Perhaps they simply work well together. It doesn’t matter. All that really matters is the tuneful team-up works. (The latter track is also highlighted by Teddy Kumpel on guitars, bass and drums.)
The closing cut brings back Pomes on bass and guitar for a noteworthy number named “Barefoot Girl Walking By” which once more showcases DeVita’s abilities as a versatile singer-songwriter. Tabacco himself states: “She’s a wonderful singer and her writing is closer to Paul Simon and Lennon & McCartney than the usual three people they always compare women writers to—i.e. Joni Mitchell, Carly Simon, Carole King . . . She’s got a gift with words and composing concise melodies . . .” Of the album Tabacco concludes: “It’s a great CD and I’m proud to have it in my catalog.”

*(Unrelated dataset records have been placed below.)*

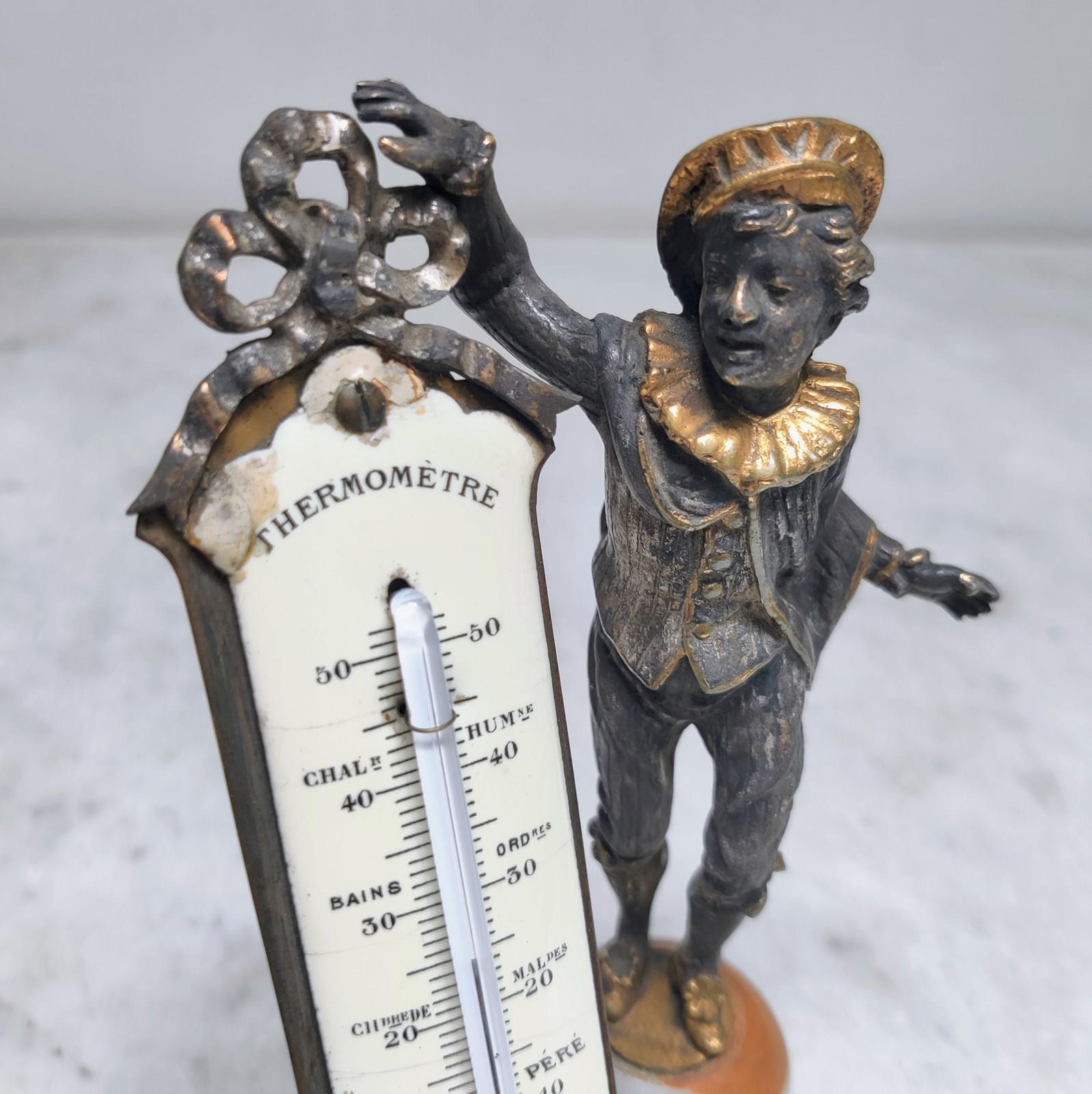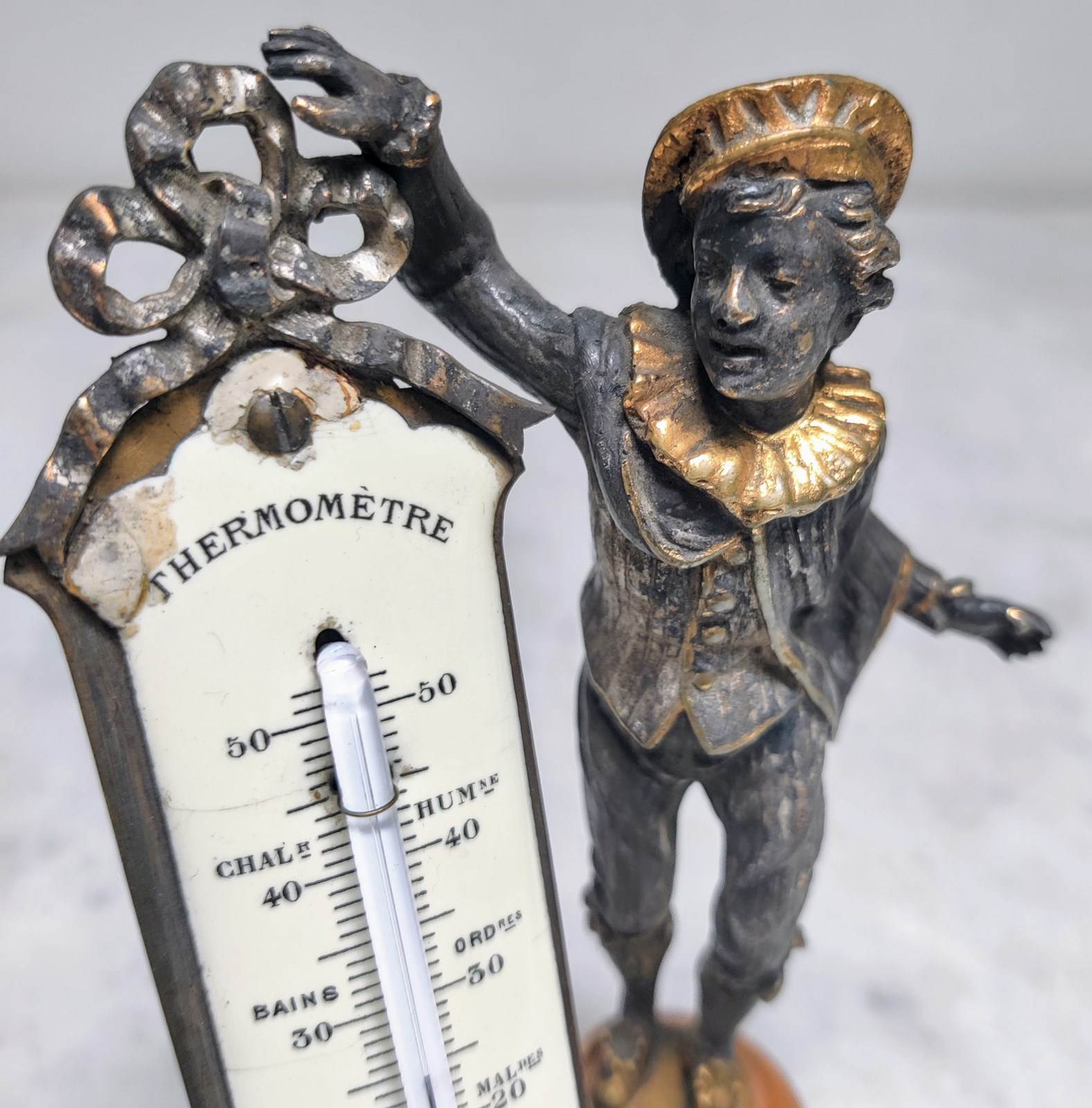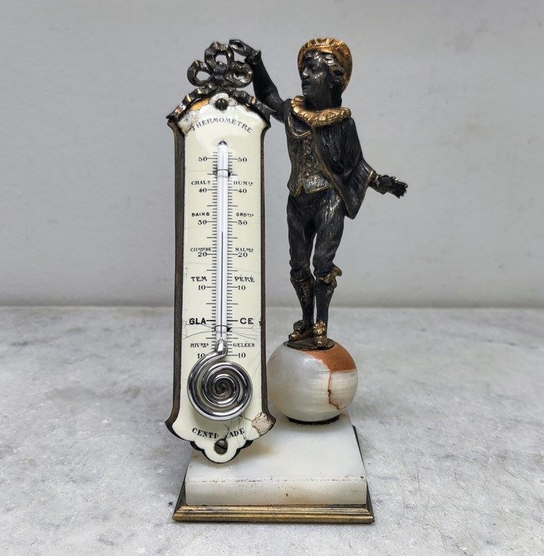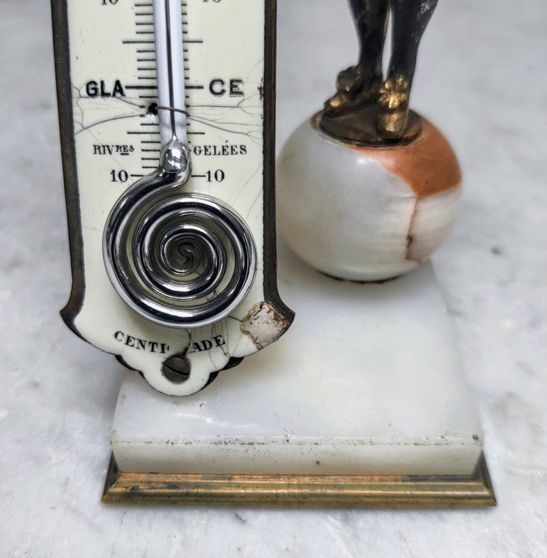 It features a little French boy in in 18th/19th Century costume, standing on a marble sphere and holding a bow topped enamel thermometer on a marble plynth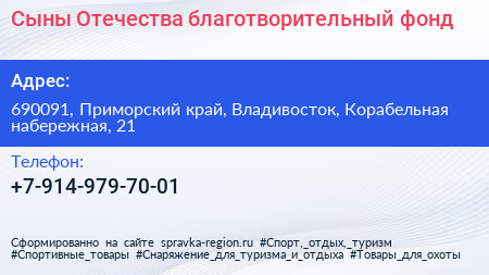Сыны Отечества, благотворительный фонд по адресу 690091, Приморский край, Владивосток, Корабельная набережная, 21 в дальнейшем Организация, размещена в следующих категориях: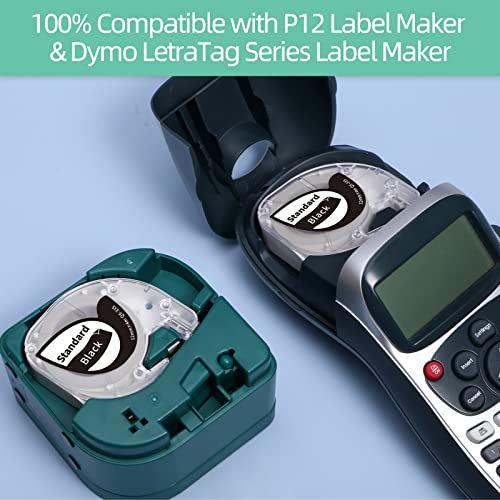 Compatible per Phomemo P12 Etichettatrice & Dymo LetraTag LT-100H, Dymo LetraTag LT-100H Plus, Dymo LetraTag LT-100T, Dymo LetraTag LT-100T Plus, Dymo LetraTag XM, DymoLetraTag XR, Dymo LetraTag QX50, Dymo LetraTag 200B.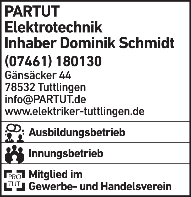 Die Adresse von PARTUT Elektrotechnik lautet: Gänsäcker 44, 78532 Tuttlingen

Indeed, DeVita, who most recently the song “Such a Mystery”—a cover of a song by Peter Kearns—seems capable of paying frequent tribute to her favorite singer-songwriters in songs that while obviously influenced by others somehow remain unique. DeVita writes songs that are both universal and yet somehow still intimate. Presently located in Honesdale, PA, (a mere two hours from where your crusty chronicler grew up) DeVita is currently working with Tabacco on her next project tentatively titled The Kama Sutra Rodeo. If it’s of the same quality as her current offering it will surely be Something Good,
My name is Phoenix and . . . that’s the bottom line.